Now they are parents of 14-month old son, Orson. About that, she says, “Having my son, as every woman knows, it’s just an upheaval, but a glorious one. I feel sort of relaxed in my life because having a baby seems a very purposeful thing.”


Tracey Ullman unpacks her suitcase of characters in “Tracey Ullman’s State of the Union,” a five-part series premiering on Showtime March 30. Ullman will play a gaggle of goofies from Cameron Diaz to David Beckham. She tells me she’s always been able to imitate people. “I just always could mimic everybody. I’d go further than mimicking people,” she says. “I’d analyze their social status and why they ARE like that.” It was a natural for her, “coming from somewhere as class-ridden as England where as soon as you open your mouth you know how much you earn, what car you drive where you went to school what you can aspire to, what you cant aspire to.”


Jason Lee is so good as Earl on NBC’s “My Name is Earl,” that it seems he’s been acting all his life. Not so. Lee was originally a skateboarder who watched movies like anyone else. He recalls how he first got into acting. “I was 24. And my girlfriend at the time, her mother was a manager for actors and she’s still my manager to this day. She knew the casting director of `Mallrats,’ Don Phillips. I went in to meet with him. He said, `He seems like a nice kid but he’s a skateboarder, he’s not even an actor. But I’ll have him come back and read as sort of a favor.’ So I came back and read for (director) Kevin Smith a bunch of times, and he finally gave me the part.”

“My Name is Earl” returns with original episodes on April 3.


Robson Green returns with Season 5 of “Wire in the Blood,” premiering on BBC America April 6. The first episode is the only one shot in the USA and Green’s character really walks on the wild side as far as Texas.
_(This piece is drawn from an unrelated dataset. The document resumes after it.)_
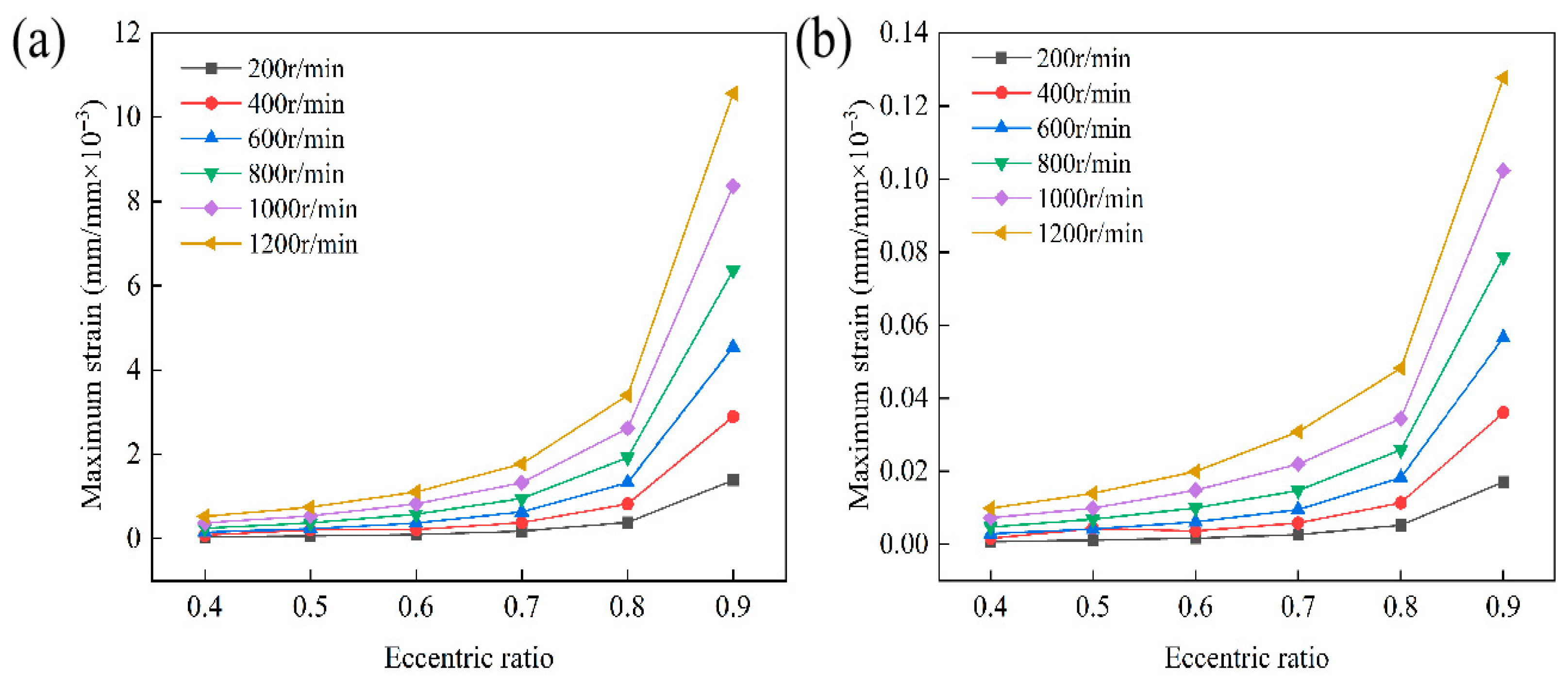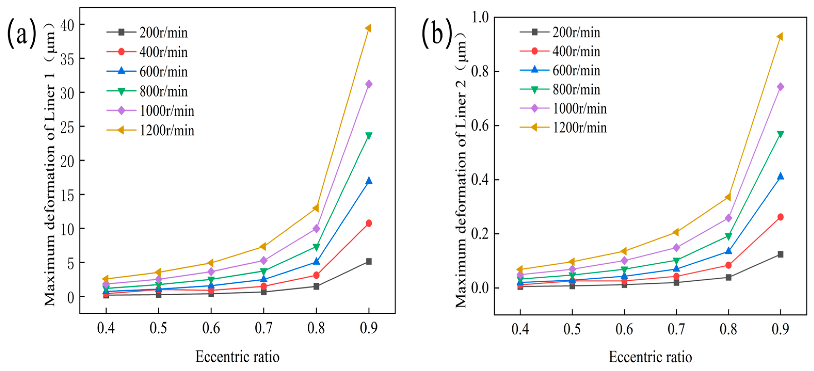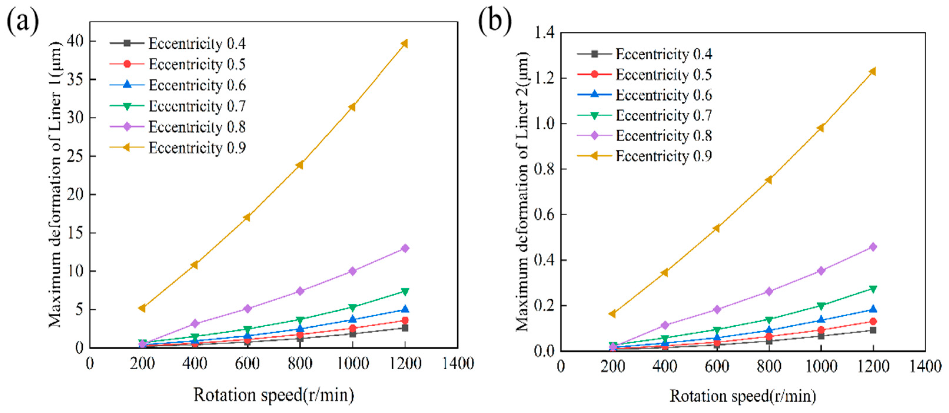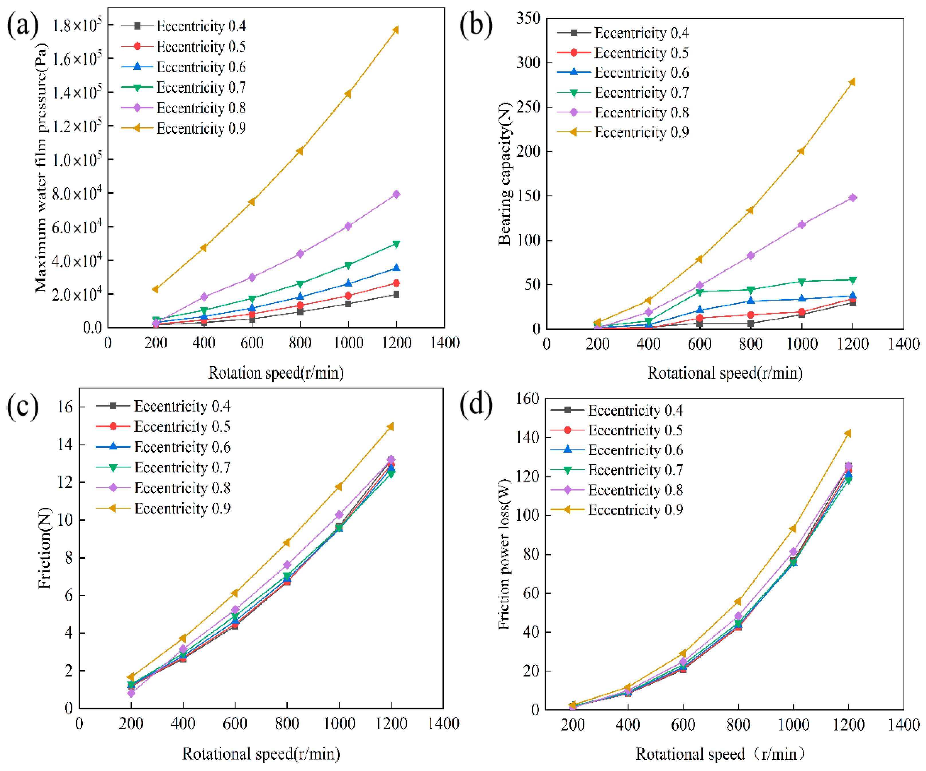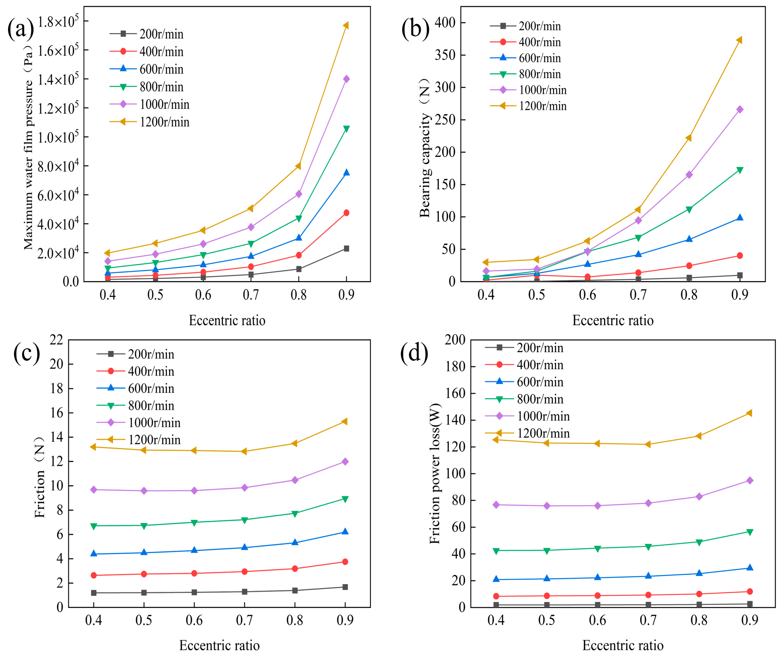 4.1. Analysis of the Influence of Eccentricity on the Lubrication Performance

Green, who came from a working class family in Newcastle, says it was a Disney movie that first inspired him. “It was going to the cinema the first time, `Bed Knobs and Broomsticks.’ What a movie that was! Actors interacting with animated characters, the wizardry and motion. I was 6 or 7. I just had this amazing experience. I thought, `That’s what I want to watch. I don’t want to go outside and play, chase or anything like that. I want to watch films all the time.’ Which is what I did.”